An attorney, Sladon started with historic Calumet in April 1991 upon the urging of Central Kentucky horseman John T. Ward Jr. The latter became president after the resignation of J.T. Lundy, whose dealings propelled the farm into bankruptcy.

In his role of secretary/treasurer and chief spokesman, Sladon helped guide the farm through bankruptcy proceedings, the dispersal of most of its horses, and the farm's sale in early spring of 1992 to Henryk de Kwiatkowski.

"The most satisfying part of my job was the ending," said Sladon. "It was a triumphant moment to see the farm go with dignity. Mr. de Kwiatkowski was exactly what Calumet needed--someone with the means, the enthusiasm, and the romance."

De Kwiatkowski died in 2003. His family now runs the farm.

Sladon's honesty with the media during his time with Calumet was recognized in a big way.

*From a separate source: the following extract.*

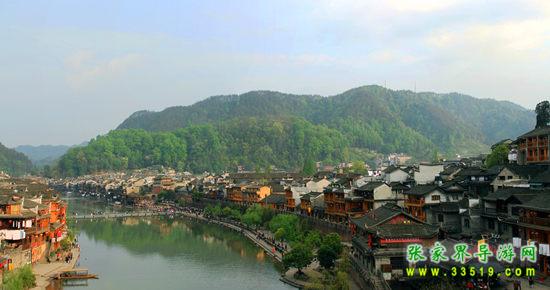 鳳凰古城是中國(guó)歷史文化名城,首批中國(guó)旅游強(qiáng)縣,國(guó)家4A級(jí)景區(qū),曾被新西蘭著名作家路易艾黎稱贊為中國(guó)最美麗的小城。地理位置可概括為:“西托云貴,東控辰沅,北制川鄂,南扼桂邊”。這里與吉首的德夯苗寨,永順的猛洞河,貴州的梵凈山相毗鄰,是懷化、吉首、貴州銅仁三地之間的必經(jīng)之路。作為一座國(guó)家歷史文化名城,鳳凰的風(fēng)景將自然的、人文的特質(zhì)有機(jī)融合到一處,透視后的沉重感也許正是其吸引八方游人的魅力之精髓。古城建于清康熙年間,這顆“湘西明珠”是名副其實(shí)的“小”,小到城內(nèi)僅有一條像樣的東西大街,可它卻是一條綠色長(zhǎng)廊。
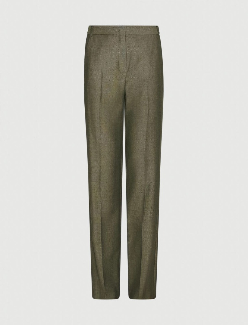 Versatile, fluido, in morbida saglia chevron per una matericità ricca: il pantalone classico non è mai stato così cool. Aggiungi una camicia dal taglio maschile e le décolleté per un'eleganza che non va mai fuori moda. Pantalone in saglia fluida di misto lana effetto resca Fit dritto Chiusura con gancio a uomo e zip nascosta Piega stirata fronte e retro Tasche laterali alla francese e posteriori a filetto

Sladon received the Ambassador of Racing Award from the Kentucky Thoroughbred Media in 1992.

A New York native who moved to Florida as a teenager, Sladon relocated to Central Kentucky in 1984 from the Chicago area, where he headed his family's Chicago Rubber Co. He and his wife, Carol, operated Tantara Farm in Clark County, Ky., from 1984 to 2000.

Sladon, who served in the Air Force, returned to Florida in 2004 and was a lawyer in the Florida Department of Transportation. He left that job in the summer of 2007.

In addition to his wife, Sladon's survivors include five sons and daughters.